__Assignment__. Below are records with pictures. Reproduce exactly the lines from the line with "μυστική απόχρωση: για" to the line with "監控系統提供默認的告警通知模", inclusive, and leave each picture out.

Input Block Start

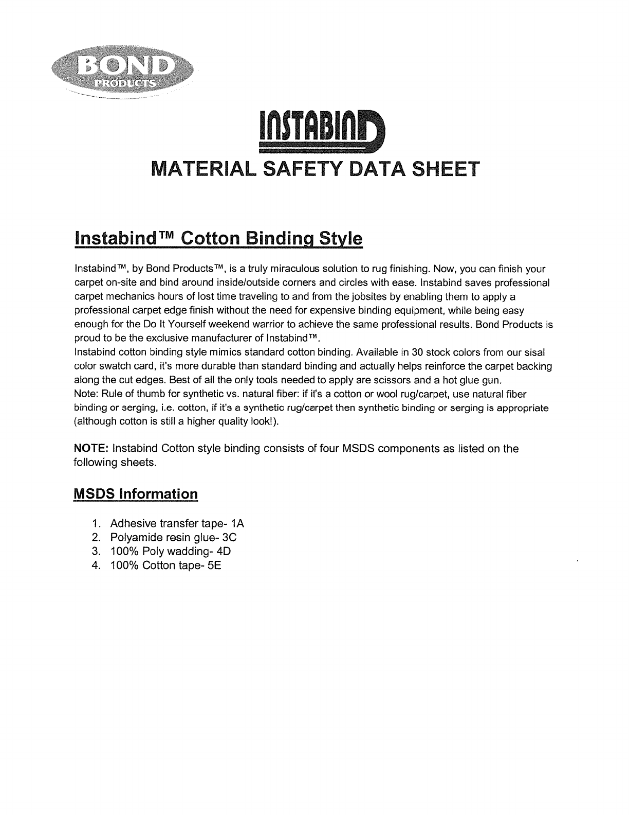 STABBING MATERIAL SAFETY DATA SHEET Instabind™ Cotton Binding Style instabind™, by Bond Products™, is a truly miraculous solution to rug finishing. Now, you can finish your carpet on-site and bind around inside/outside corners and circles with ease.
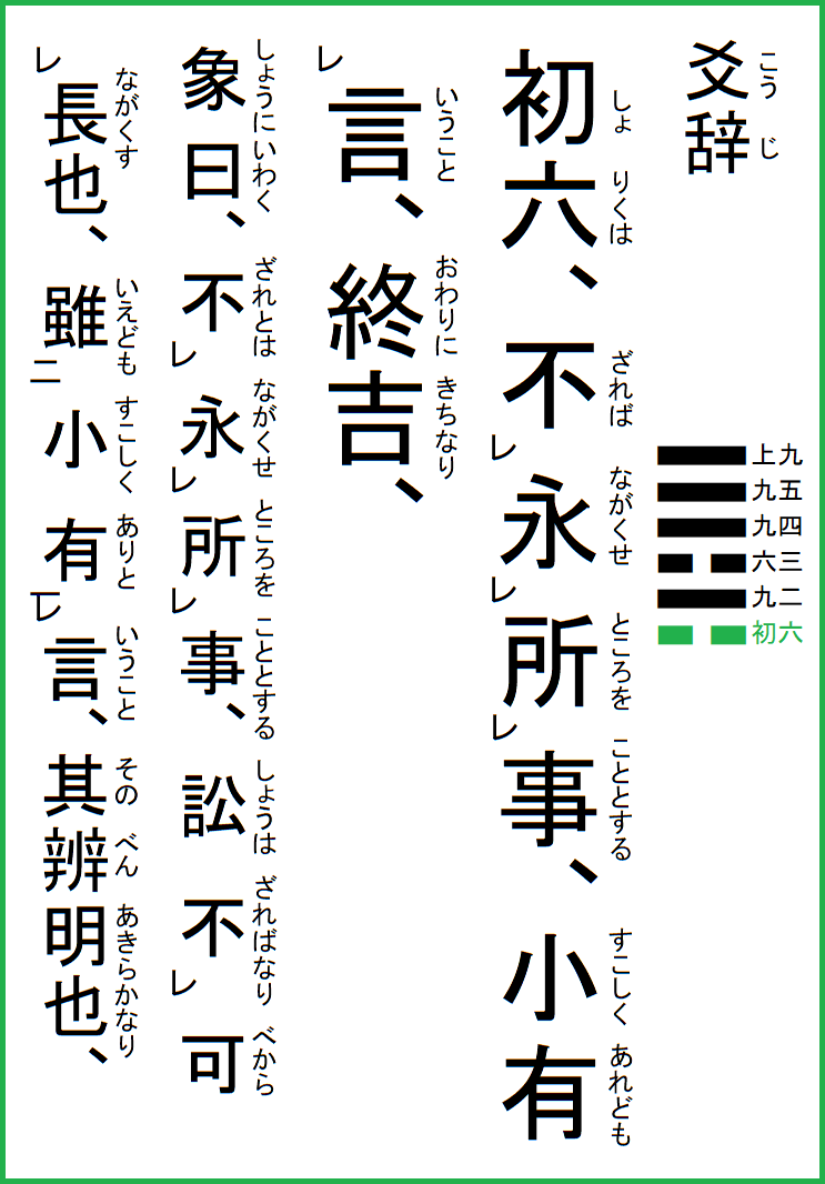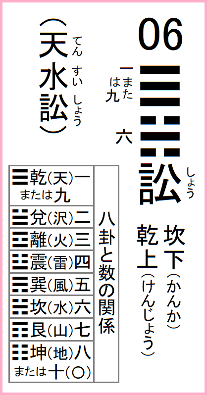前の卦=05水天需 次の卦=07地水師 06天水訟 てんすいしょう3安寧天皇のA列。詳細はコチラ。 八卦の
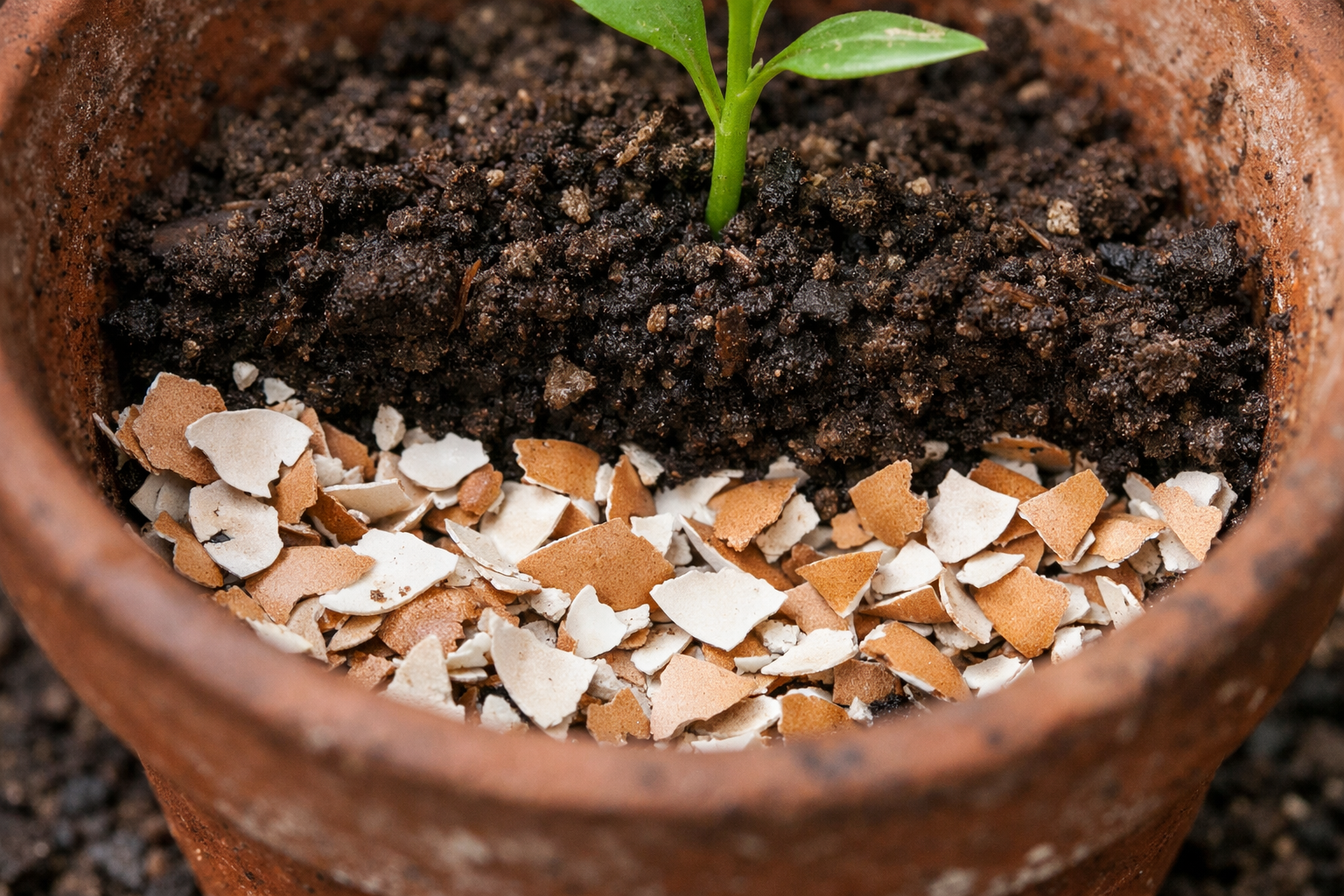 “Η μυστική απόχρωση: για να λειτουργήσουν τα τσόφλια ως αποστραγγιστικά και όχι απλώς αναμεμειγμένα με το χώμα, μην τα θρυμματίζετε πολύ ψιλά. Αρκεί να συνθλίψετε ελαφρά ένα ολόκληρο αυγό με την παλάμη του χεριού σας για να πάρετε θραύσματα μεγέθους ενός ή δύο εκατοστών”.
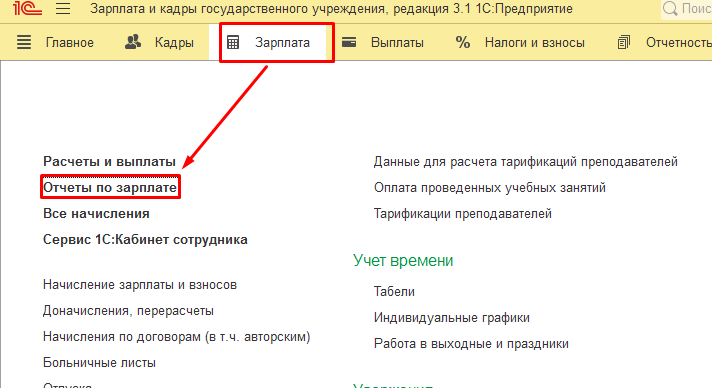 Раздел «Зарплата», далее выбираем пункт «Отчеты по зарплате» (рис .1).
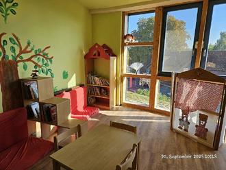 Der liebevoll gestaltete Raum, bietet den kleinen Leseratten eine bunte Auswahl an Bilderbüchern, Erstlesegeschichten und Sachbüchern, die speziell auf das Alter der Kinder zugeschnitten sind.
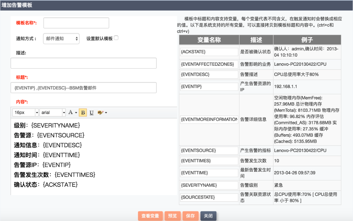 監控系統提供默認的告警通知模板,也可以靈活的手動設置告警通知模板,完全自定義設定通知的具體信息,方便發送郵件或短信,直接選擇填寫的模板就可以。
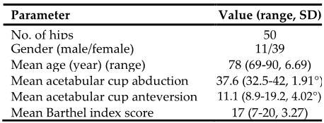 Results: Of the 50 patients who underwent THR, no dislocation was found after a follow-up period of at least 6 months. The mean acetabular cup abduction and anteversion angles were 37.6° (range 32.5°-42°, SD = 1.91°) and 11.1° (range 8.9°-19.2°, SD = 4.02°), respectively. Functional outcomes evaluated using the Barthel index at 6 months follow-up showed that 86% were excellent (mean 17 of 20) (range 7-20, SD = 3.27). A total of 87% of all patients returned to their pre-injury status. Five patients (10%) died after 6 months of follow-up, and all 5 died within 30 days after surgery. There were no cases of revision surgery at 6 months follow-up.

Input Block End
Input Block Start

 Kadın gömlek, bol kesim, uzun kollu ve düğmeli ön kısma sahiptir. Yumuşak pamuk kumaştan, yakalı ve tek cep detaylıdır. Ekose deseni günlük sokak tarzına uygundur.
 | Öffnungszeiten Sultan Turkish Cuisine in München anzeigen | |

Input Block End
Input Block Start

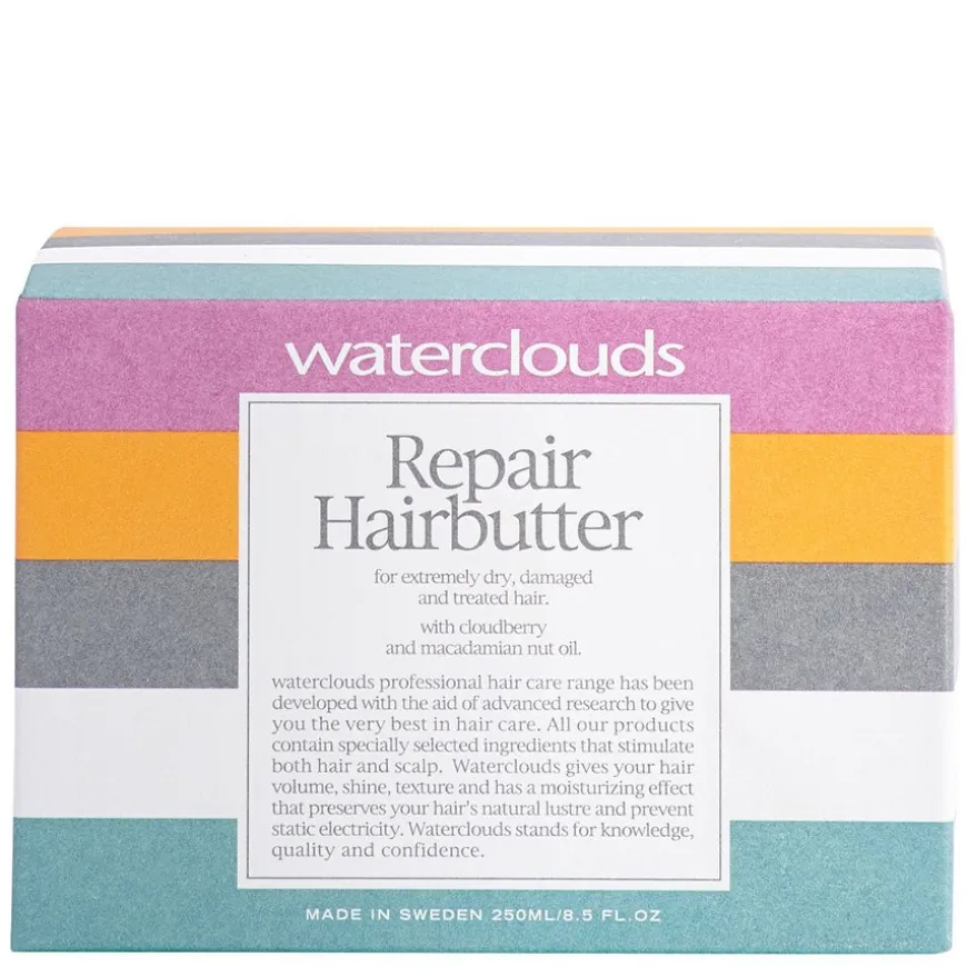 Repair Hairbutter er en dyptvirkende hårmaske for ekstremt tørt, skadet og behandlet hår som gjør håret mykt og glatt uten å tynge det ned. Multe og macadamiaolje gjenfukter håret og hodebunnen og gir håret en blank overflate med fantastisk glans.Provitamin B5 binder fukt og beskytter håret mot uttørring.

Input Block End

__Answer to this exercise__.
 “Η μυστική απόχρωση: για να λειτουργήσουν τα τσόφλια ως αποστραγγιστικά και όχι απλώς αναμεμειγμένα με το χώμα, μην τα θρυμματίζετε πολύ ψιλά. Αρκεί να συνθλίψετε ελαφρά ένα ολόκληρο αυγό με την παλάμη του χεριού σας για να πάρετε θραύσματα μεγέθους ενός ή δύο εκατοστών”.
 Раздел «Зарплата», далее выбираем пункт «Отчеты по зарплате» (рис .1).
 Der liebevoll gestaltete Raum, bietet den kleinen Leseratten eine bunte Auswahl an Bilderbüchern, Erstlesegeschichten und Sachbüchern, die speziell auf das Alter der Kinder zugeschnitten sind.
 監控系統提供默認的告警通知模板,也可以靈活的手動設置告警通知模板,完全自定義設定通知的具體信息,方便發送郵件或短信,直接選擇填寫的模板就可以。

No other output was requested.